I was out with a group of guy friends the other night, drinking and trying to demystify the world’s most nebulous enigma. Chicks. There’s nothing unusual about that. All around the world men set out every evening to help each other come to grips with the female mind. Just as often the sun rises on those conversations with no deeper understanding having been achieved. It’s the universal male pastime—beer and quack theories.
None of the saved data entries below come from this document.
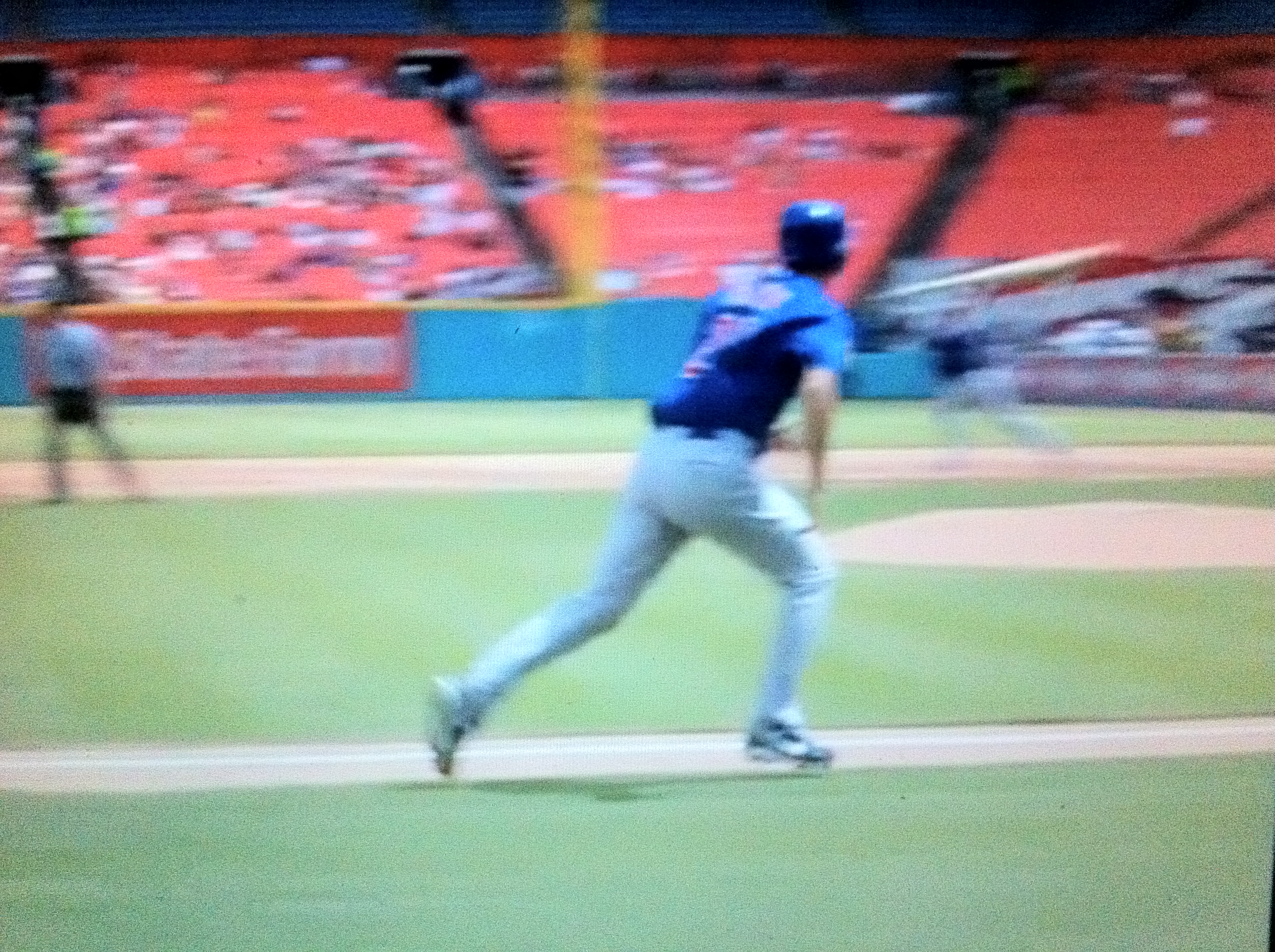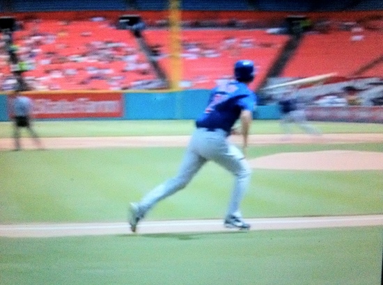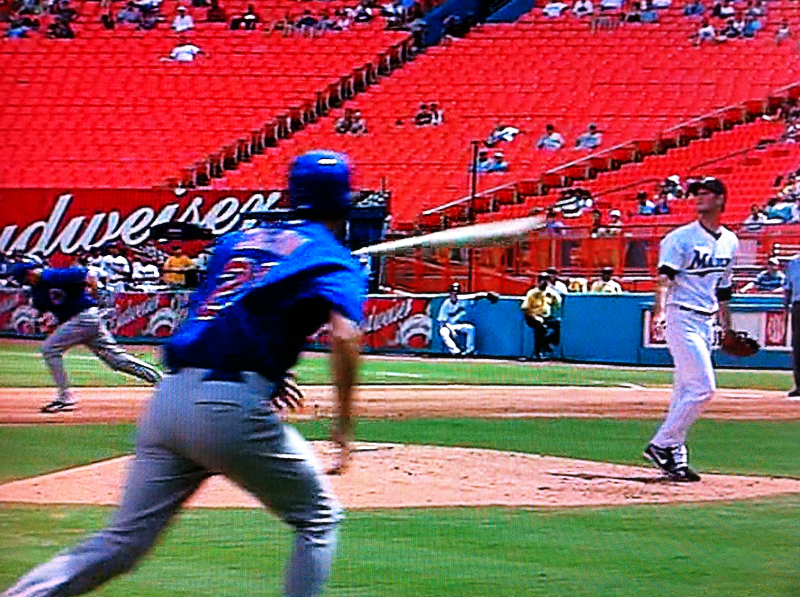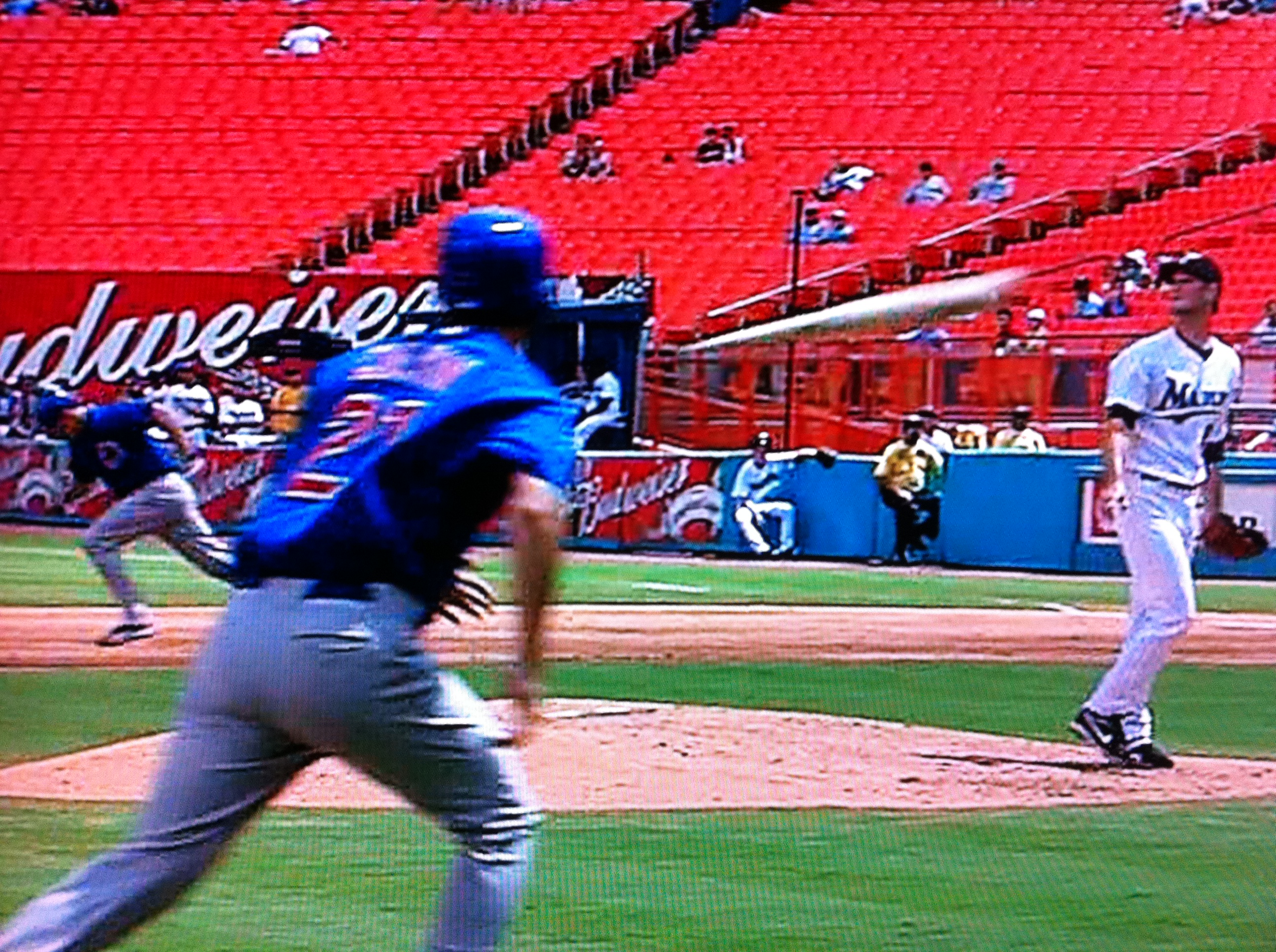 Thanks to the telecasts of the Cubs-Marlins by Fox Sports Florida and the superb DVR service of MLB.Com’s MLB.TV, we get a good, albeit blurry image of the incident this afternoon in Florida in which Cubs’ rookie outfielder Tyler Colvin suffered a season-ending partial lung collapse when he was in the chest speared by a large shard of the broken bat of teammate Wellington Castillo:
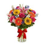 Elegante Florero con 6 rosas, gerberas, girasoles, lirios, flores decorativas y fino follaje, decorado con lazo.
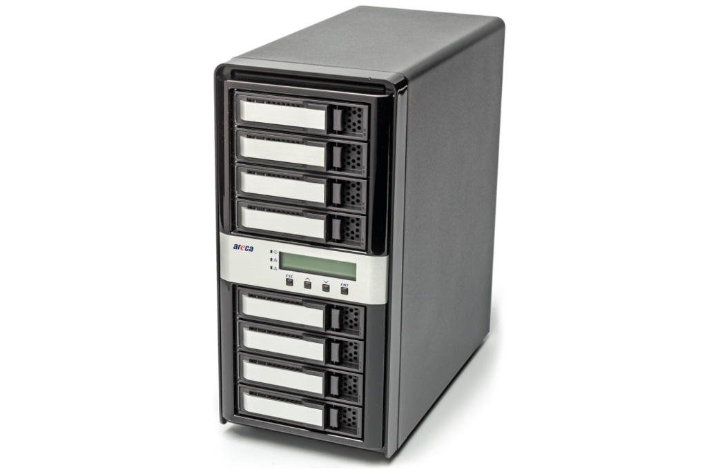 Das Thunderbolt-3-RAID von Areca nimmt acht Festplatten oder SSDs auf, die man flexibel konfigurieren kann.
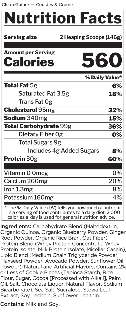 Consume after workouts, between meals, or before bed to boost daily calories and protein. Use Clean Gainer alongside meals—not as a replacement. For best results, use consistently with weight training.

When expats do it though there is an extra level of opacity between them and their love interest—culture. It is truly hard to know if the craziness is cultural, clinical bonkeritis, or female. As someone who has spent his whole life among expats I can tell you that these discussion focus heavily on the cultural. Sometimes the discourse can get quite sophisticated. Guys trying to add their own refinements to the scientific advancements being made by comedians working on the Hot-Crazy Matrix (Video). A friend once eloquently argued for adding a third axis to the Matrix to plot cultural factors, kind of an index of Chineseness. Beer doesn’t just produce pee; it produces brilliance.

On this most recent night of drinking, it landed like a bombshell on the evening’s drunken social psychological analysis of my bud’s wife when it was realized that she’s crazy. No cultural component involved. The bias towards cultural factors is so pervasive in these late night philosophy sessions that it took twenty-odd years of marriage, and discussion with the bros, to cut through the cultural noise and recognize a psychological issue.

The tendency to give primacy to cultural factors is natural. Expats live in an environment where the prevalent culture affects every aspect of our lives, sometimes in confusing ways. We’re used to dissecting the effect of Taiwanese family dynamics, education, interpersonal relationships, and other cultural norms on our lives. Often expat men are slow to realize when the problem isn’t that she’s Taiwanese; it’s that she’s a woman.